Изменить стиль страницы

Наступал восьмой день войны…

— Хлопец, а хлопец! Не знаю, как по имени чествуют тебя. Проснись!

Маринин открыл глаза и увидел над собой хозяина дома.

— Иди глянь в окно. По дороге кого-то несет. Может, упаси господь, немцы? — озабоченно промолвил он.
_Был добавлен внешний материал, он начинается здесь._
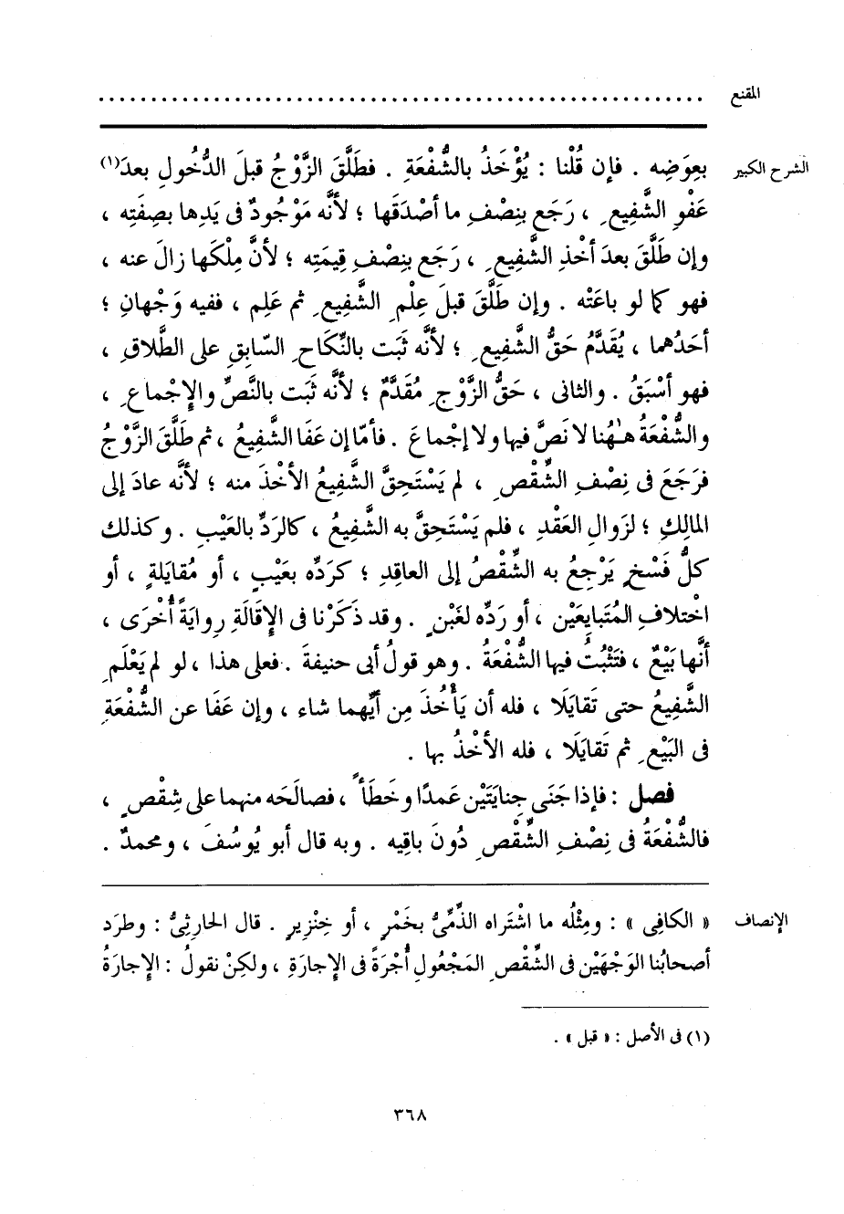 «الكافِي»: ومِثْلُه ما اشْتَراه الذميُّ بخَمْر، أو خِنْزِير. قال الحارِثِيُّ: وطرَد أصحابُنا الوَجْهَين في الشِّقْصِ المَجْعُولِ أُجْرَةً في الإجارَةِ، ولكِنْ نقولُ: الإِجارَةُ

Приковыляв к окну, Петр увидел, как с пригорка к селу по размокшей за ночь дороге медленно спускались бронетранспортеры с пехотой и машины.

— Немцы!

Оберегая раненую ногу, Маринин быстро оделся. Его обмундирование было выстирано, высушено, отремонтировано и отглажено. Хозяин пытливо смотрел на Маринина, который прятал под гимнастерку знамя.

— Куда пойдешь?

— Наверное, в поле, а там в лес.

— Негоже. С твоей ногой далеко не ускачешь. Ступай за мной.

Пришли на гумно.

— Лезь к стенке, за сено!

Маринин втиснулся между сеном и бревенчатой стеной гумна. В нос ударил запах моха, прелой соломы и мышиного помета. Энергично пошевелив плечами, раздвинул сено и сделал пещерку. Пощупав пальцами стену, догадался, что мохом законопачены щели между бревнами. Из одной щели Петр выковырял мох и начал смотреть на улицу, где вот-вот должна была появиться колонна врага.

Но фашисты остановили свои бронетранспортеры и машины на околице. Солдаты спешились и разошлись по хатам, сгоняя народ на окраину. Над селом висели лай собак, кудахтанье кур, визг поросят. Иногда трещали короткие автоматные очереди. Враги хозяйничали.

Через полчаса на улице, как раз против гумна, где нашел убежище Петр Маринин, собрались женщины, старики, подростки. Толпу крестьян оцепили автоматчики.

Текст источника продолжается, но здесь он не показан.